Then, as now, the scope of the commerce power was a major battleground. The New Deal Court used the Commerce Clause to rein in the expanding scope of federal eco-' nomic legislation. These cases protected the authority of the states vis-a-vis the federal government, rather than restricting government action entirely. Nonetheless, doctrinal inconsistency again lent fuel to those who charged the Supreme Court with favoring the corporate class. Compare Hammer v. Dagenhart, 247 U.S. 251, 38 S.Ct. 529, 62 L.Ed. 1101 (1918) (Congress may not bar goods made with child labor from the chan-*891neis of interstate commerce), with, e.g., Hoke v.

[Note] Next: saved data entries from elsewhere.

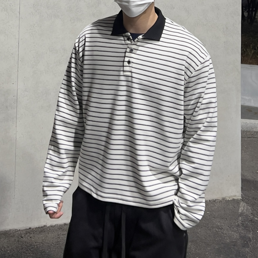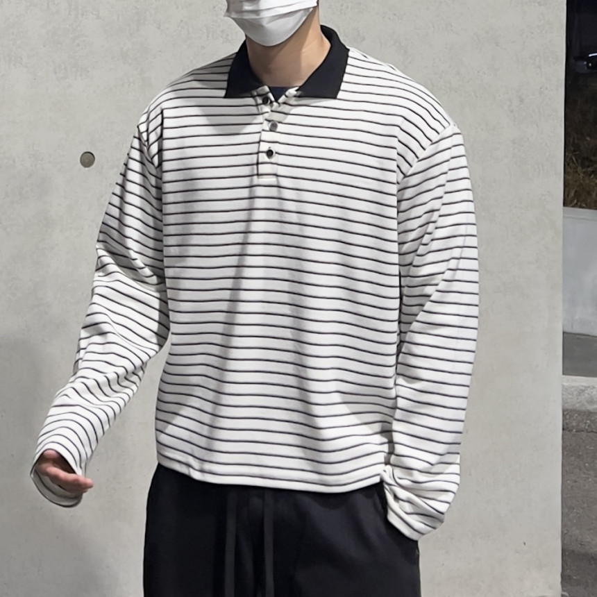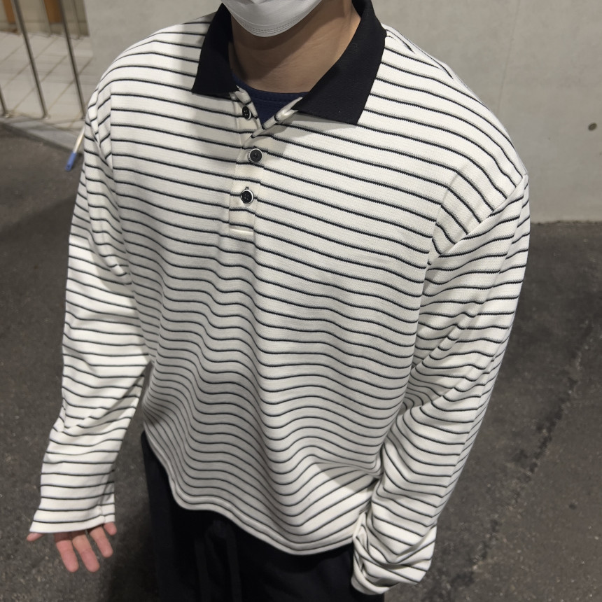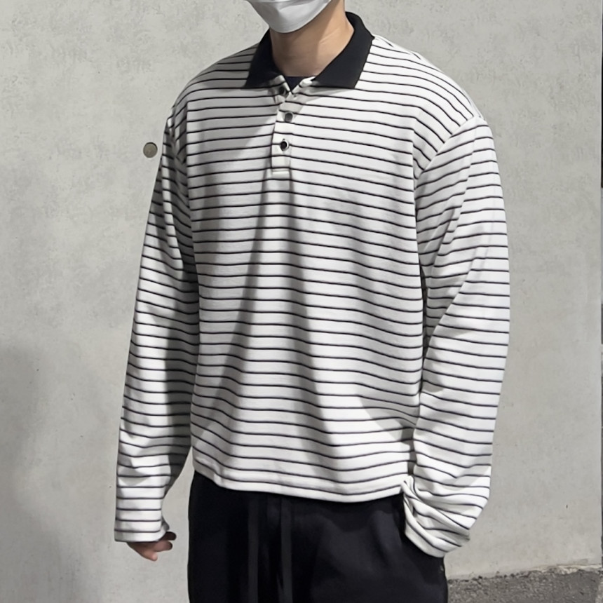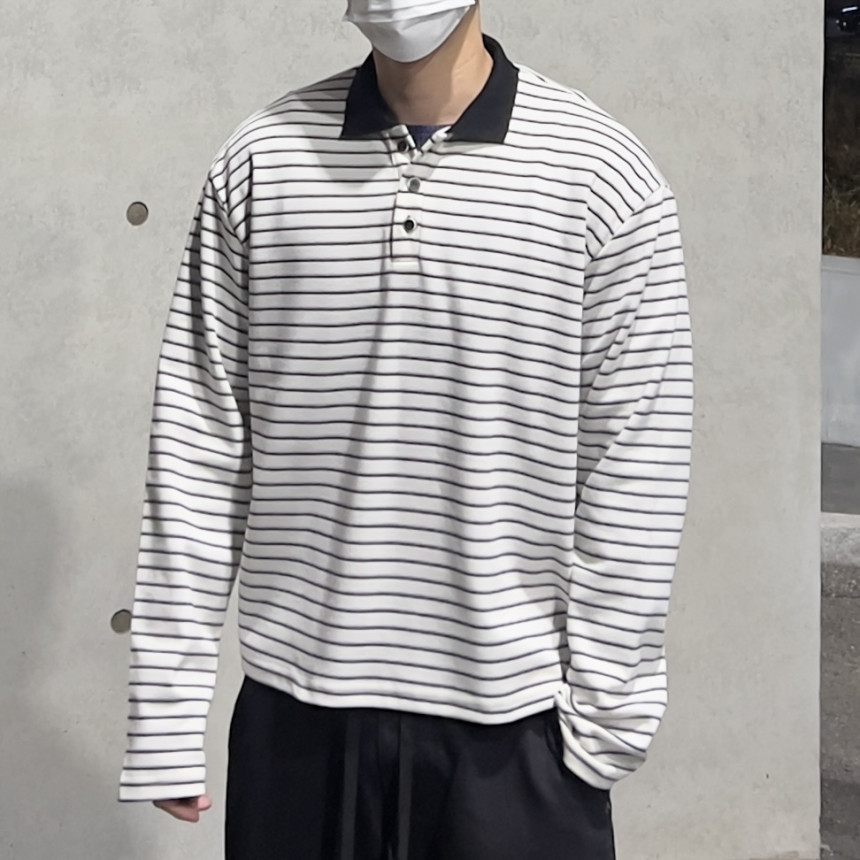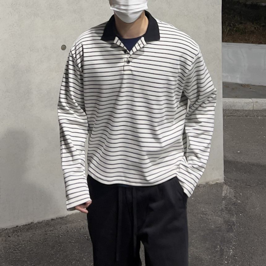 stripe crop collar T - (2color)
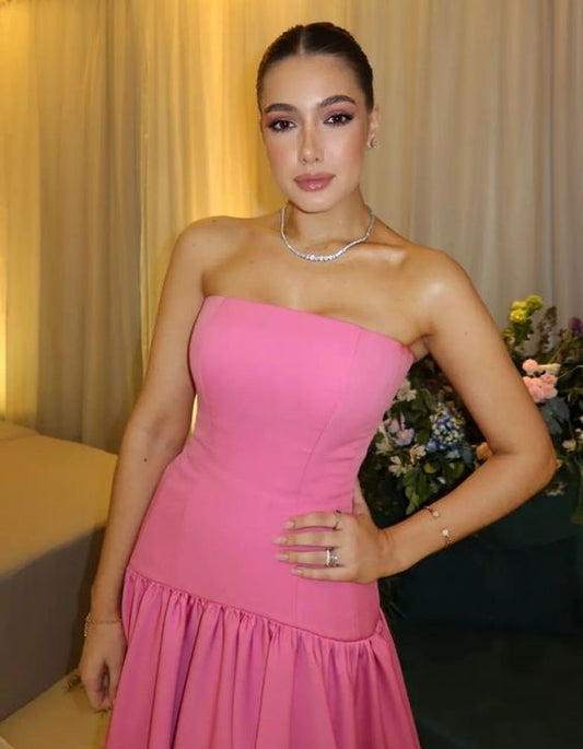 Pink solid color simple elegant pleated strapless tube top long ball gown evening dress party dress nv2489
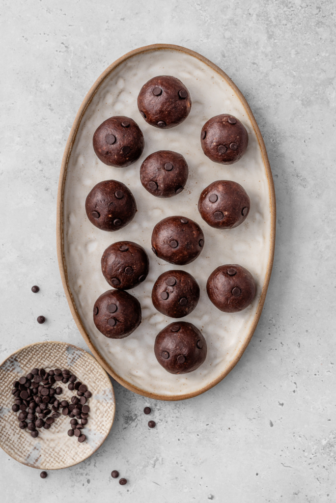 Divide into bites using a tablespoon or miniature cookie scoop. To give it a better appearance, simply roll it between your palms into balls.
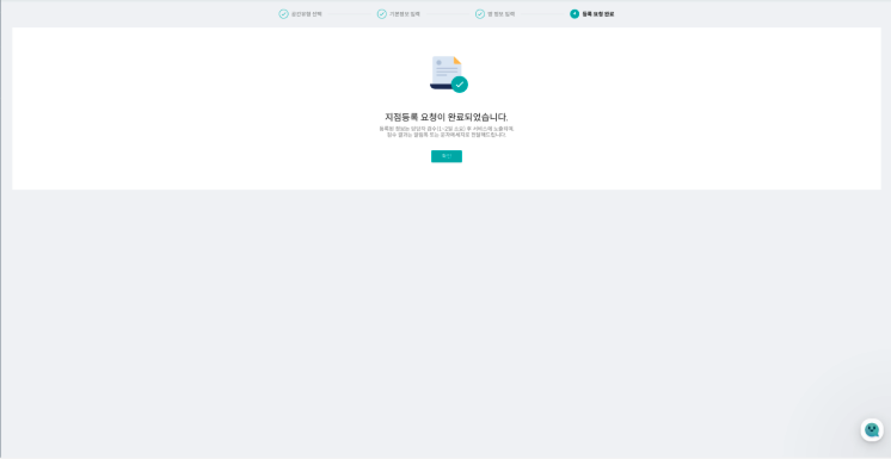 '다음'버튼을 클릭하면 다음과 같은 안내창과 함께 지점등록이 완료됩니다.
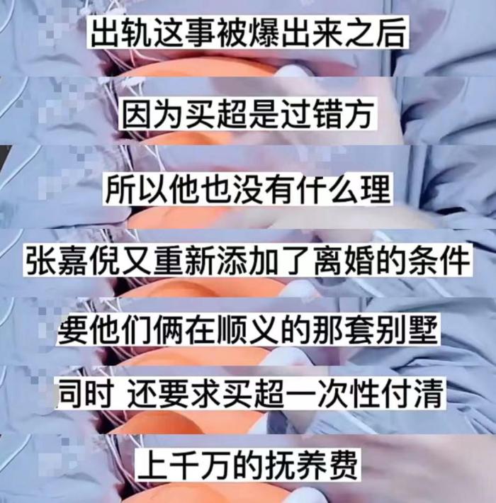 后來,買超被曝出軌,因為他屬于過錯方比較理虧,所以張嘉倪又重新添加了離婚條件,不僅要他們位于北京順義的那套別墅豪宅,同時還要買超一次性付清上千萬元的撫養費。
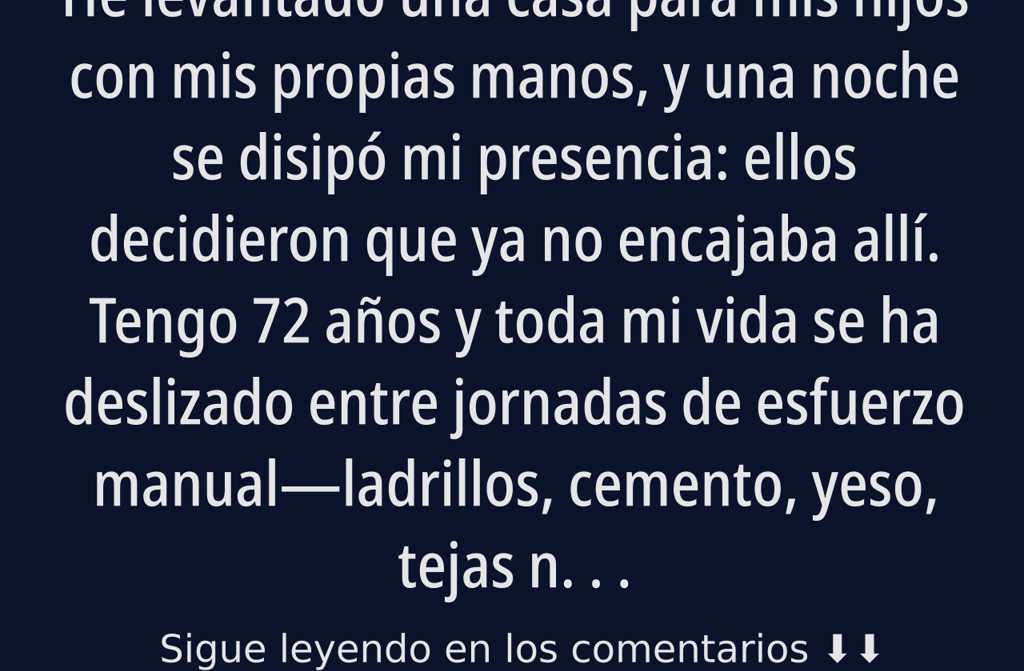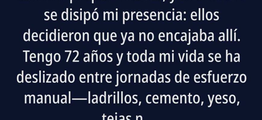 He levantado una casa para mis hijos con mis propias manos, y una noche se disipó mi presencia: ellos decidieron que ya no encajaba allí. Tengo 72 años y toda mi vida se ha deslizado entre jornadas de esfuerzo manualladrillos, cemento, yeso, tejas naranjas bajo un sol suave de Castilla. Allí encontré mi fuerza y mi verdadero oficio.

United States, 227 U.S. 308, 33 S.Ct. 281, 57 L.Ed. 523 (1913) (Congress may keep channels of commerce free of transportation for prostitution). These results suggested-to many that the Court’s line-drawing was not truly constitutional, but that it simply reflected opposition to “[t]he fundamental consideration ... that industry should take care of its human wastage.” Railroad Retirement Bd. v. Alton R.R. Co., 295 U.S. 330, 384, 55 S.Ct. 758, 79 L.Ed. 1468 (1935) (Hughes, C.J., dissenting).
Moreover, the shadows cast by such aggressive Commerce Clause decisions as Carter v. Carter Coal Co., 298 U.S. 238, 56 S.Ct. 855, 80 L.Ed. 1160 (1936) (striking the Bituminous Coal Conservation Act of 1935), A.L.A. Schechter Poultry Corp. v. United States, 295 U.S. 495, 55 S.Ct. 837, 79 L.Ed. 1570 (1935) (striking the National Industrial Recovery Act as applied), and Alton Railroad Co., 295 U.S. 330, 55 S.Ct. 758, 79 L.Ed. 1468 (striking the Railroad Retirement Act), obscured earlier cases in which the Court upheld expansive federal regulation, see, e.g., Texas & N.O.R.R. Co. v. Brotherhood of Ry. & S.S. Clerks, 281 U.S. 548, 50 S.Ct. 427, 74 L.Ed. 1034 (1930) (Railway Labor Act); Stafford v. Wallace, 258 U.S. 495, 42 S.Ct. 397, 66 L.Ed. 735 (1922) (Packers and Stockyards Act); Southern Ry. Co. v. United States, 222 U.S. 20, 32 S.Ct. 2, 56 L.Ed. 72 (1911) (Safety Appliance Act). Narrow interpretations of the taxing and spending powers in United States v. Butler, 297 U.S. 1, 56 S.Ct. 312, 80 L.Ed. 477 (1936) (striking provisions of the Agricultural Adjustment Act), and the Child Labor Tax Case, 259 U.S. 20, 42 S.Ct. 449, 66 L.Ed. 817 (1922) (striking the Child Labor Tax Law), solidified the image of an obstructionist Supreme Court, determined to impede legislative efforts to reverse the era’s economic dysfunction and to ease the human suffering that it had wrought.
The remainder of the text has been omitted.